EPA/RICCARDO ANTIMIANI
Papież do wolontariuszy: wasze poświęcenie budzi nadzieję w całym społeczeństwie
„Naśladując Jezusa służycie bliźniemu, nie wyręczając się bliźnim. Na ulicach i w domach, u boku chorych, cierpiących, uwięzionych, z młodymi i starszymi, wasze poświęcenie budzi nadzieję w całym społeczeństwie” – stwierdził Franciszek w homilii na Mszę św. uroczystości jubileuszowych wolontariatu. Przygotowany przez niego tekst odczytał prefekt Dykasterii do spraw Służby Integralnemu Rozwojowi Człowieka, kard. Michael Czerny SJ.
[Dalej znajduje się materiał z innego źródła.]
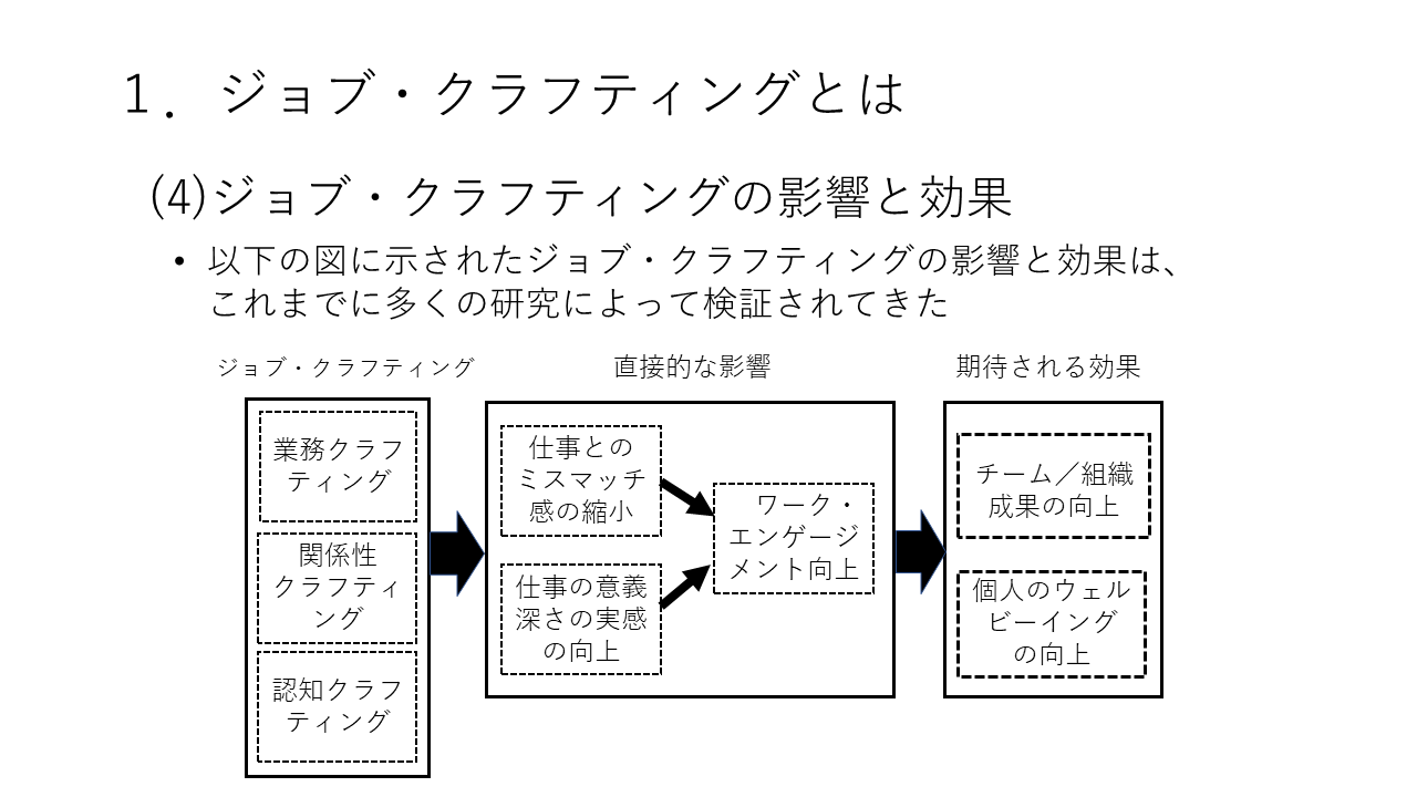「今の仕事」という足元を見て仕事との向き合い方を変えていくのがジョブ・クラフティングですので、そこから長期的なキャリアを考えるのが難しい、というのは確かにその通りだと思います。長期的なビジョンを考えて、そこから今の仕事をどうするのか、その一方で今の仕事から考えて長期的にどうしたいのか、長期と短期の両面から現実的なキャリアの歩みを作っていけるように、長期的なキャリアビジョンづくりの支援も同時に行っていくとよいと思います。

Jezus jest wyprowadzony przez Ducha na pustynię (por. Łk 4, 1). Każdego roku, nasza wielkopostna wędrówka rozpoczyna się od podążania za Panem w tej przestrzeni, przez którą On przechodzi i którą dla nas przemienia. Bowiem, kiedy Jezus wkracza na pustynię, zachodzi decydująca zmiana: miejsce ciszy staje się środowiskiem słuchania. Słuchania, wystawionego na próbę, ponieważ spośród dwóch całkowicie przeciwstawnych głosów, trzeba wybrać, kogo słuchać. Proponując nam to zadanie Ewangelia zaświadcza, że droga Jezusa rozpoczyna się aktem posłuszeństwa: jest nim Duch Święty, ta sama moc Boga, który prowadzi Go tam, gdzie nic dobrego nie wyrasta z ziemi ani nie spada z nieba. Na pustyni, człowiek doświadcza własnej nędzy materialnej i duchowej, potrzeby chleba i słowa.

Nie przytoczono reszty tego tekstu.